[Input data]

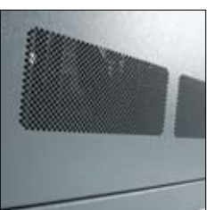
Additional Mesh Inserts To Assist In Heat Dispersion
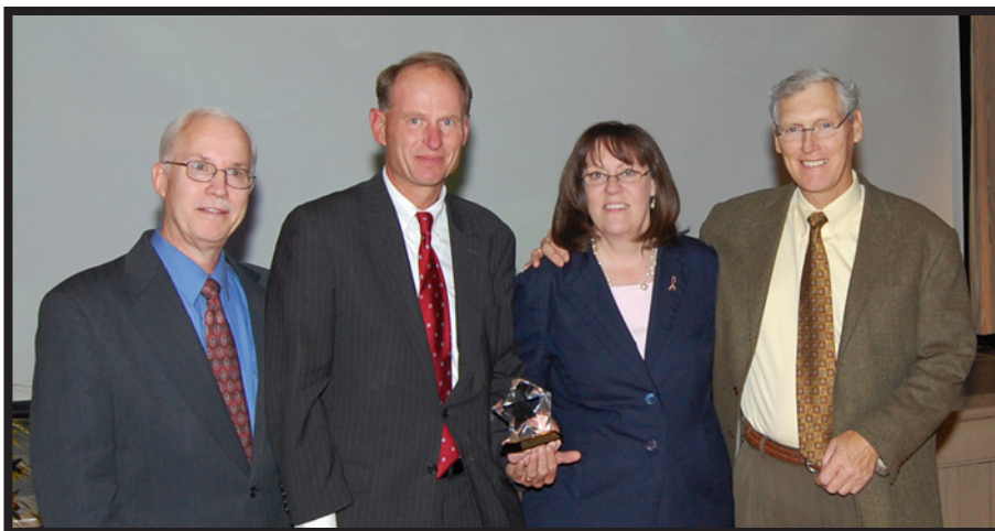
United Cerebral Palsy was honored as the Provider Organization.
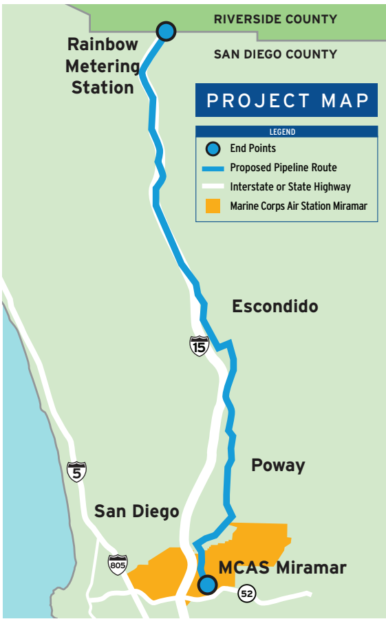
This map is for illustration purposes only. Map is not to scale. © 2015 San Diego Gas & Electric Company. All copyright and trademark rights reserved. Printed on recycled paper. S1540055 0815 XM
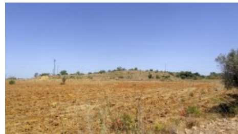
Land on other side of Road
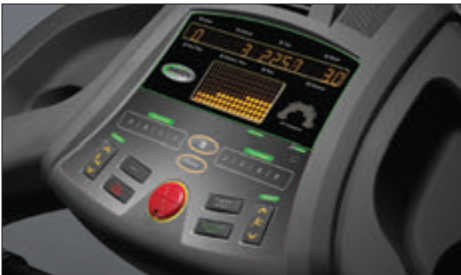
Intuitive, easy-to-use console
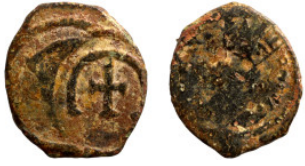
1267 Byzantine Empire coin 18mm 2,12g
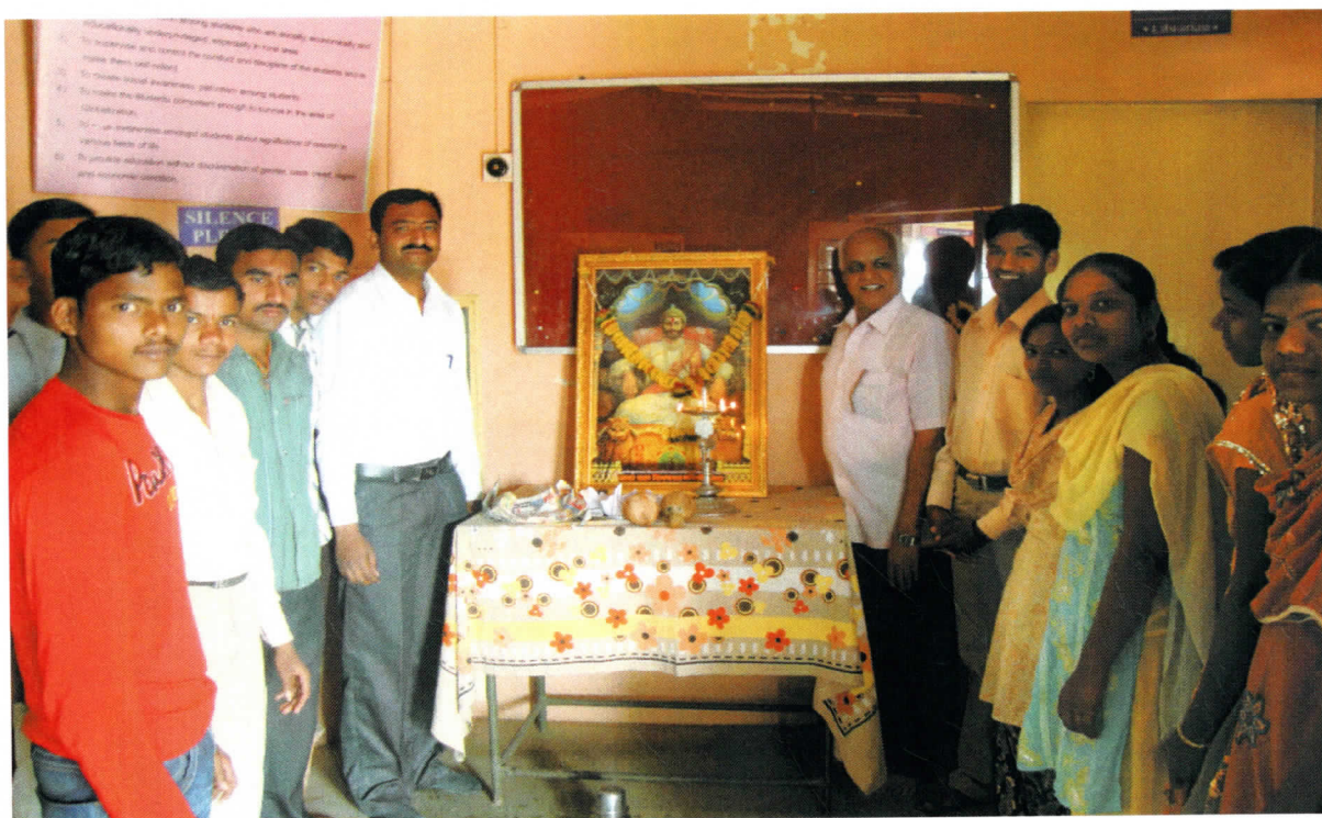
Celebration of Chatrapati Shivaji Maharaj's Birth anniversary by Dept of History.

[Problem to work on]
All lines from the one that contains "Intuitive, easy-to-use console" through the last line of the data should be retyped exactly, with the pictures left out.

[Answer space]
Intuitive, easy-to-use console
1267 Byzantine Empire coin 18mm 2,12g
Celebration of Chatrapati Shivaji Maharaj's Birth anniversary by Dept of History.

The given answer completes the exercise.